AgentA/B: Automated and Scalable Web A/BTesting with Interactive LLM Agents

Wang, Dakuo, Hsu, Ting-Yao, Lu, Yuxuan, Gu, Hansu, Cui, Limeng, Xie, Yaochen, Headean, William, Yao, Bingsheng, Veeragouni, Akash, Liu, Jiapeng, Nag, Sreyashi, Wang, Jessie

arXiv.org Artificial Intelligence

A/B testing experiment is a widely adopted method for evaluating UI/UX design decisions in modern web applications. Yet, traditional A/B testing remains constrained by its dependence on the large-scale and live traffic of human participants, and the long time of waiting for the testing result.

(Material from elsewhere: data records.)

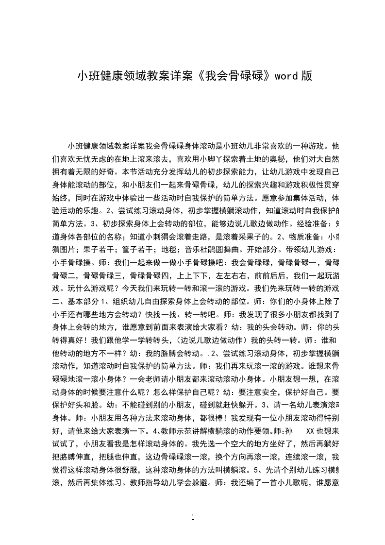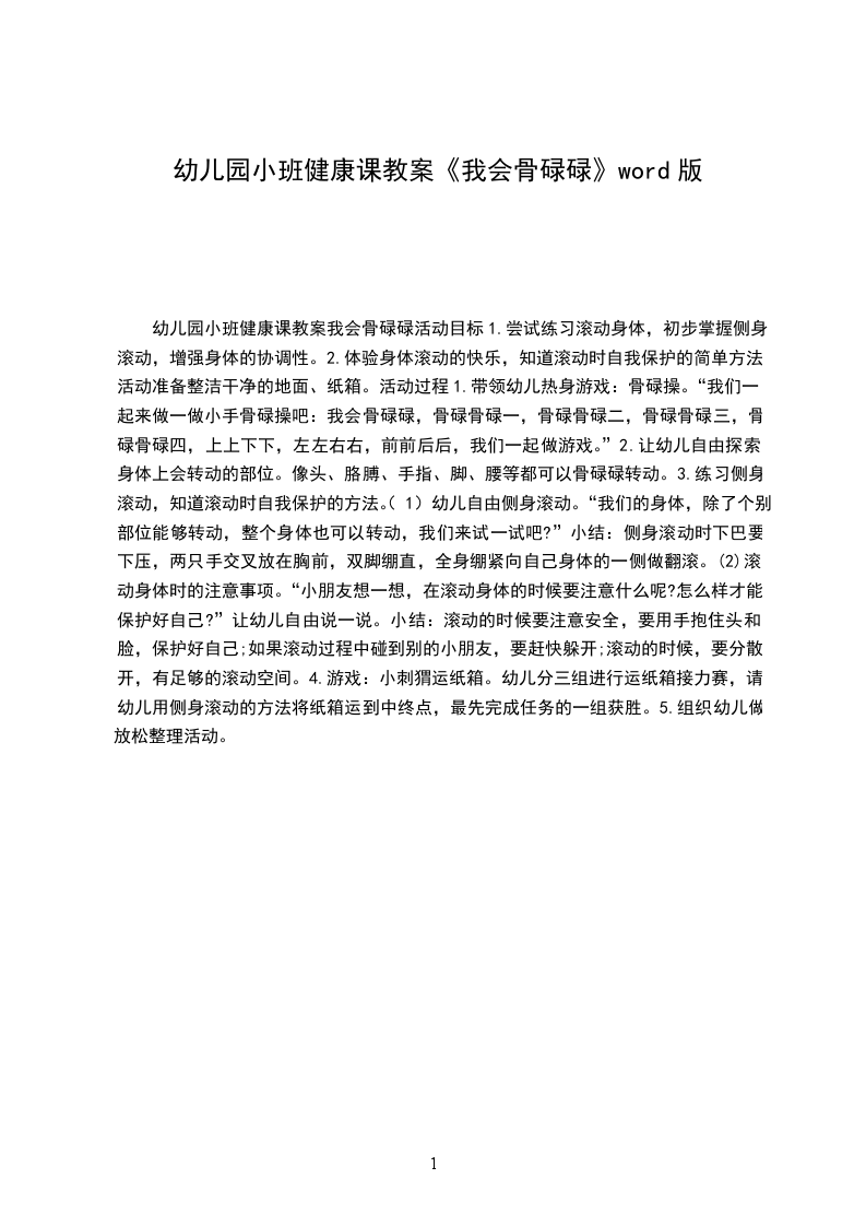 2、边说儿歌边转动身体相应的部位:"我的头骨碌碌,我的小手骨碌碌,我的小脚骨碌碌."教师:小朋友们我们来做个游戏,游戏的名字叫"身体骨碌碌",当老师说,我的头儿骨碌碌的时候你们就转动头,说我的小手骨碌碌的时候你们就转动手,说我的屁股骨碌碌的时候就转动你们的小屁股,说我的膝盖骨碌碌的时候就转动膝盖,说我的小脚骨碌碌的时候就转动脚,我来看看谁最能干,小耳朵最会听,转得最漂亮。仔细听开始了"我的头儿骨碌碌,我的手儿骨碌碌,我的膝盖骨碌碌,我的小脚骨碌碌,我的屁股骨碌碌"
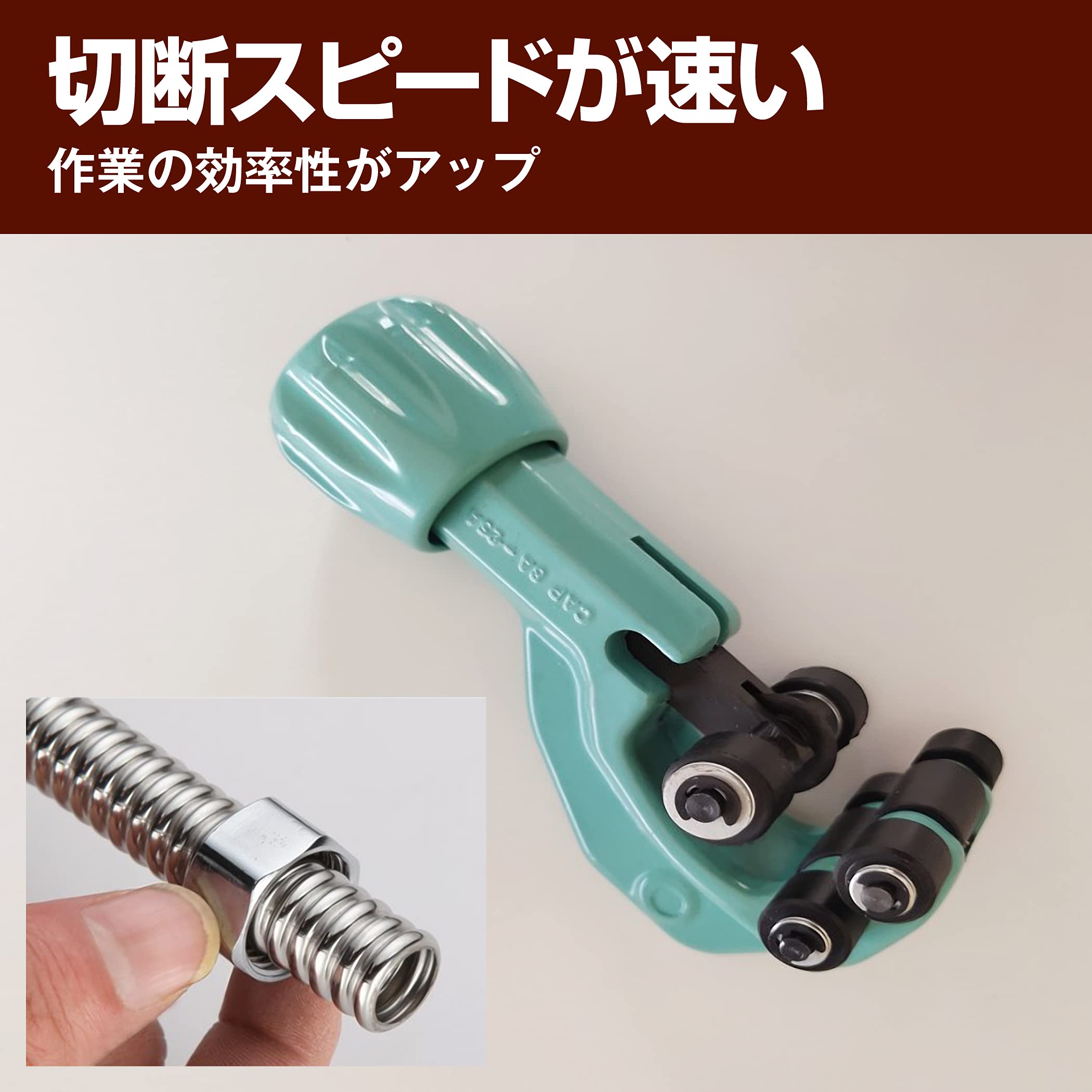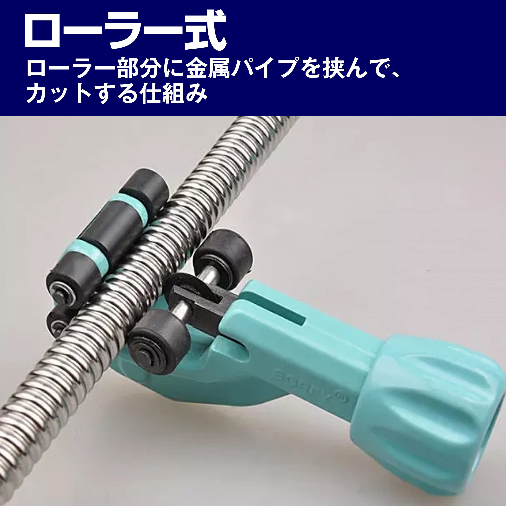 パイプを切断する際に活用できる:ステンレスフレキ管を切断する際に活用できるローラー式パイプカッターです。切断するスピードが速く、効率的に作業したい方にピッタリといえます。
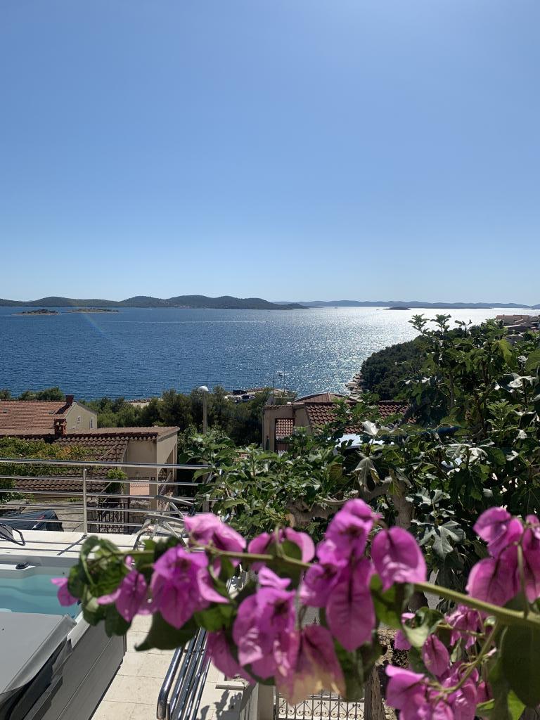 Appartement met een prachtig uitzicht op de zee en de Kornati-eilanden. Achter het appartement is er een terras met aangelegde tuin en een gemeenschappelijke barbecue. Het is 3 minuten lopen naar het strand. Langs de kust ligt een dicht dennenbos met een steen- en kiezelstrand (voor kinderen). Naast het strand is er ook een strandbar en een restaurant-pizzeria en bakkerij. De winkel ligt op slechts 300 meter afstand, 5 minuten lopen. Het natuurpark Vrana Lake ligt op 1500 meter afstand.
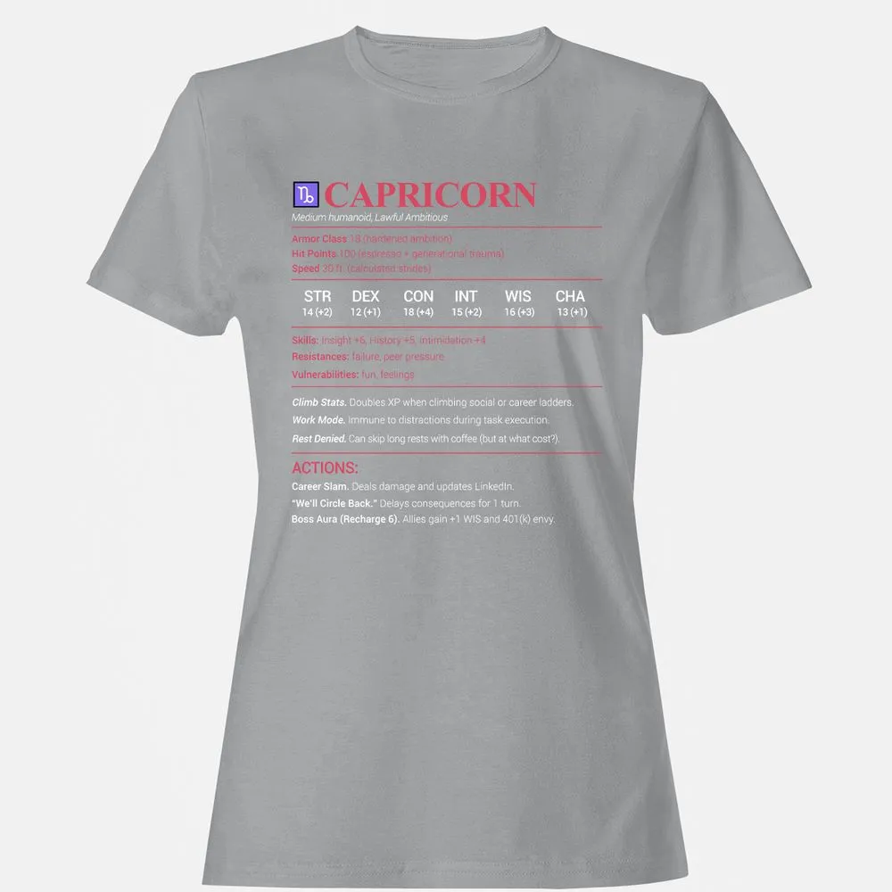 Capricorn Stats Women's T-Shirt - Ash - 2
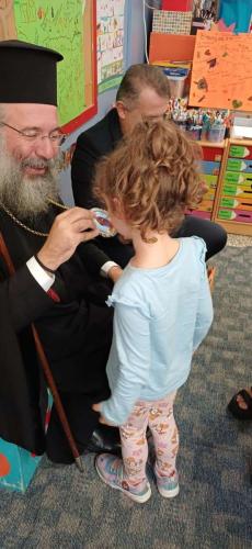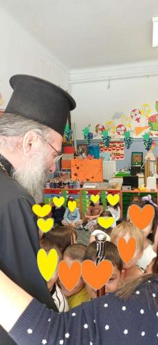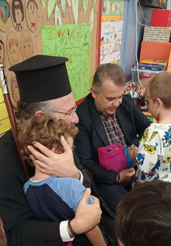 Ο Σεβασμιώτατος με τον κ. Αντιδήμαρχο είχαν, για περισσότερο από μία ώρα, συζήτηση με τις μαθήτριες και τους μαθητές, διένειμαν δώρα και έλαβαν με χαρά τα δώρα και τις χειροτεχνίες των μικρών παιδιών.
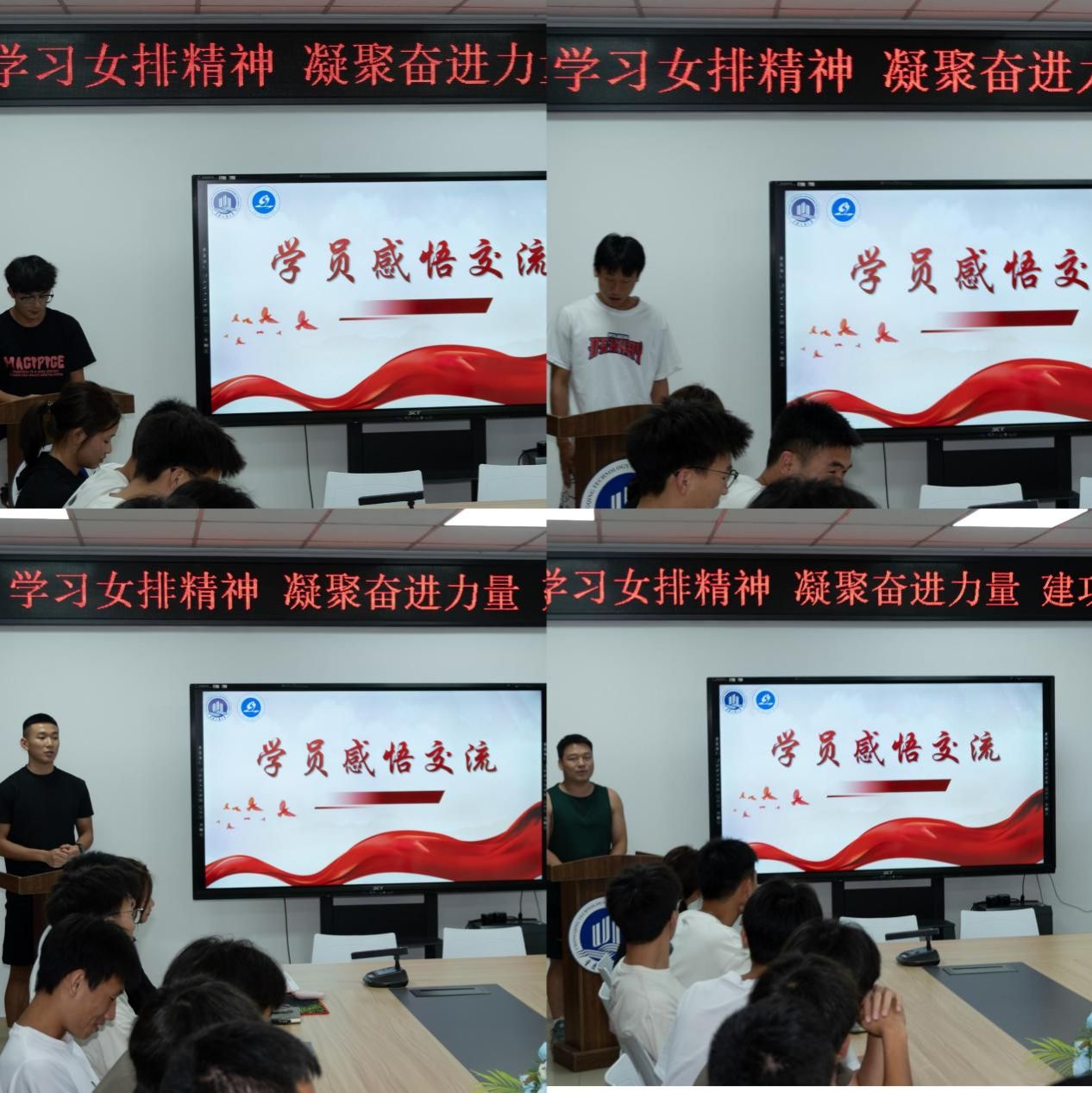 女排队员的分享深深触动了在场同学。四位来自不同年级和专业的学生代表踊跃发言,畅谈学习女排精神的感悟。他们的发言真挚热烈,充满了对女排精神的崇敬和将其融入自身成长的强烈意愿。
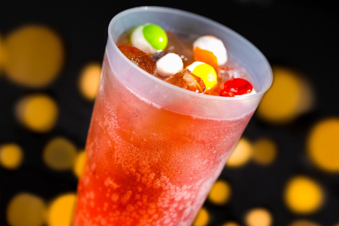 - Countdown Cider: Sparkling apple cider with strawberry syrup and SKITTLES POP’d Original Freeze-Dried Candy (non-alcoholic)
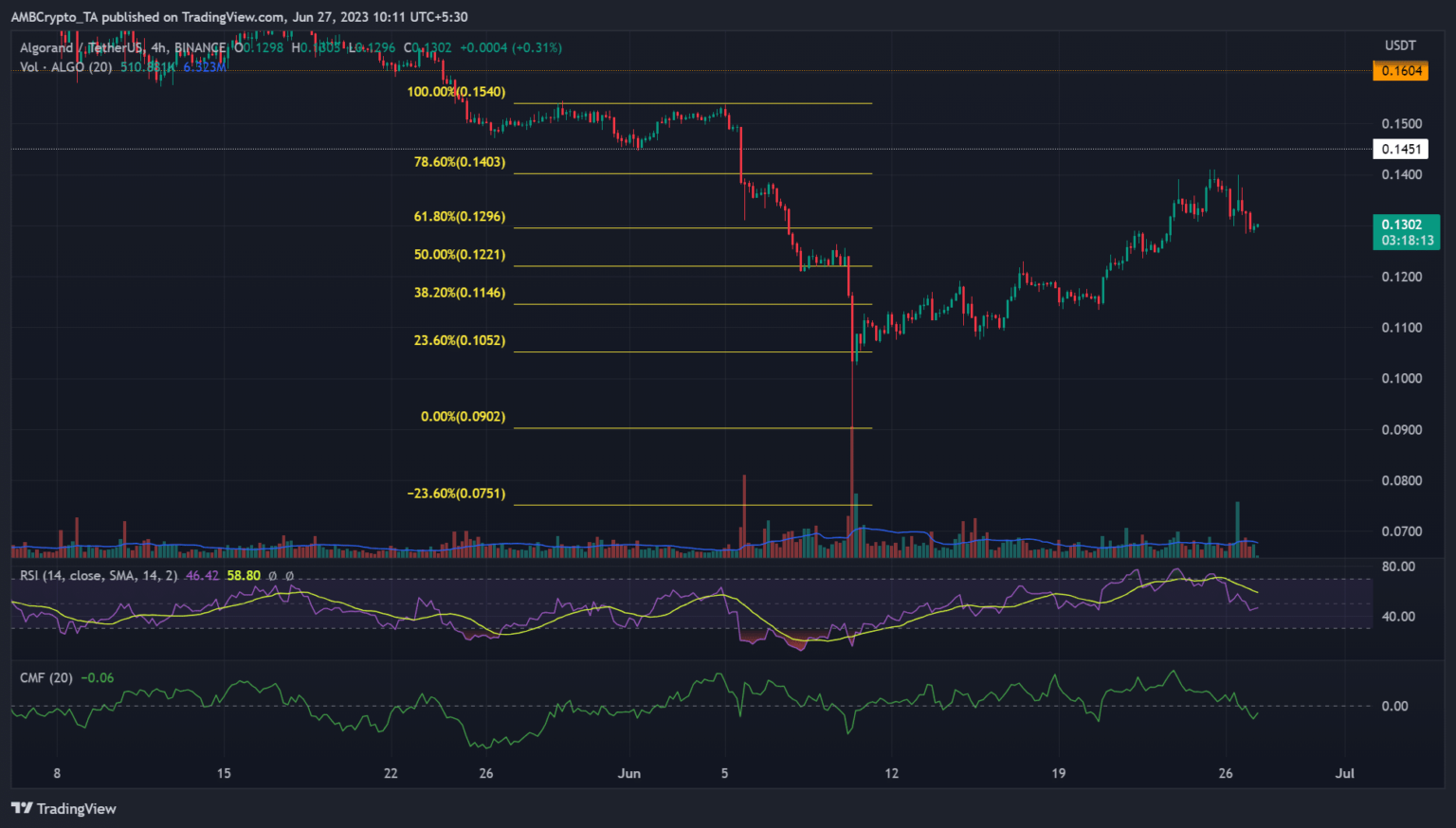 algorithm [ALGO] takes advantage of the prevailing bullish sentiment to recoup recent losses. The token fell from $0.15 to around $0.90 after being categorized as “security” during the SEC lawsuit against Binance [BNB] beginning of June. But it recovered to trade at $0.13 at the time of writing, up about 25% after moving above $0.10 on June 10.

Through formative interviews with six experienced industry practitioners, we identified critical bottlenecks in current A/B testing workflows. In response, we present AgentA/B, a novel system that leverages Large Language Model-based autonomous agents (LLM Agents) to automatically simulate user interaction behaviors with real webpages. AgentA/B enables scalable deployment of LLM agents with diverse personas, each capable of navigating the dynamic webpage and interactively executing multi-step interactions like search, clicking, filtering, and purchasing. In a demonstrative controlled experiment, we employ AgentA/B to simulate a between-subject A/B testing with 1,000 LLM agents Amazon.com, and compare agent behaviors with real human shopping behaviors at a scale. Our findings suggest AgentA/B can emulate human-like behavior patterns.